Exercise goal:
Everything in the listing should be copied exactly, save for the pictures.

Recorded information:

^^^^^^^^

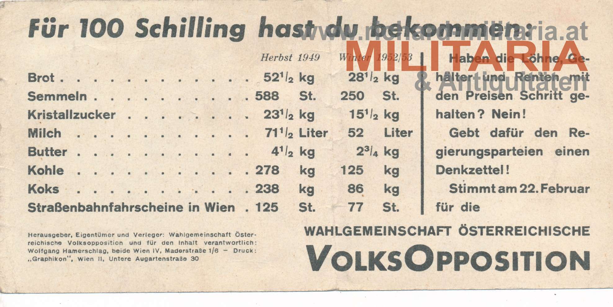 Wahlwerbung der Volksopposition Nationalratswahl 1953; die Wahlgemeinschaft der Volksopposition bestand aus KPÖ, Sozialistischer Arbeiterpartei und Demokratischer Union; in ähnlicher Form eines 100 Schilling Scheines; rückseitig aufgelistet wieviel man "früher" für 100 Schilling bekommen hat;
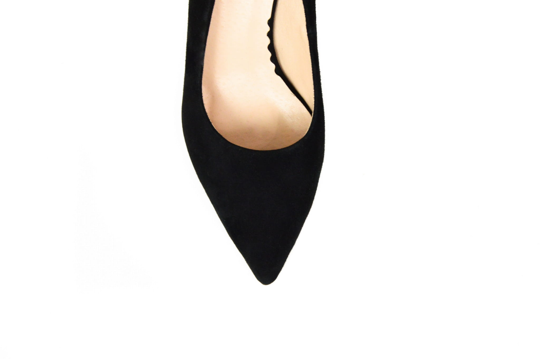 Czarne skórzane czółenka na szpilce 7 cm w szpic skóra zamszowa
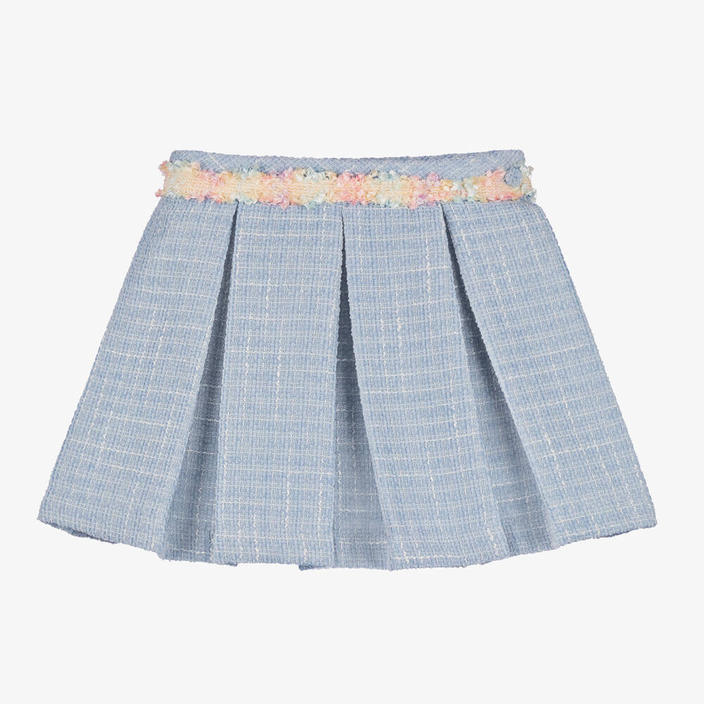 A stylish blue skirt for girls by Piccola Speranza, made from soft, mid-weight tweed. In a pleated design, this pretty skirt is decorated around the waist with delicate satin ribbons in beautiful pastel shades. It has a lightweight cotton lining for comfort, with a concealed zip and button fastening on one side and an adjustable waistband to ensure a great fit.

^^^^^^^^

Written reply:
 Wahlwerbung der Volksopposition Nationalratswahl 1953; die Wahlgemeinschaft der Volksopposition bestand aus KPÖ, Sozialistischer Arbeiterpartei und Demokratischer Union; in ähnlicher Form eines 100 Schilling Scheines; rückseitig aufgelistet wieviel man "früher" für 100 Schilling bekommen hat;
 Czarne skórzane czółenka na szpilce 7 cm w szpic skóra zamszowa
 A stylish blue skirt for girls by Piccola Speranza, made from soft, mid-weight tweed. In a pleated design, this pretty skirt is decorated around the waist with delicate satin ribbons in beautiful pastel shades. It has a lightweight cotton lining for comfort, with a concealed zip and button fastening on one side and an adjustable waistband to ensure a great fit.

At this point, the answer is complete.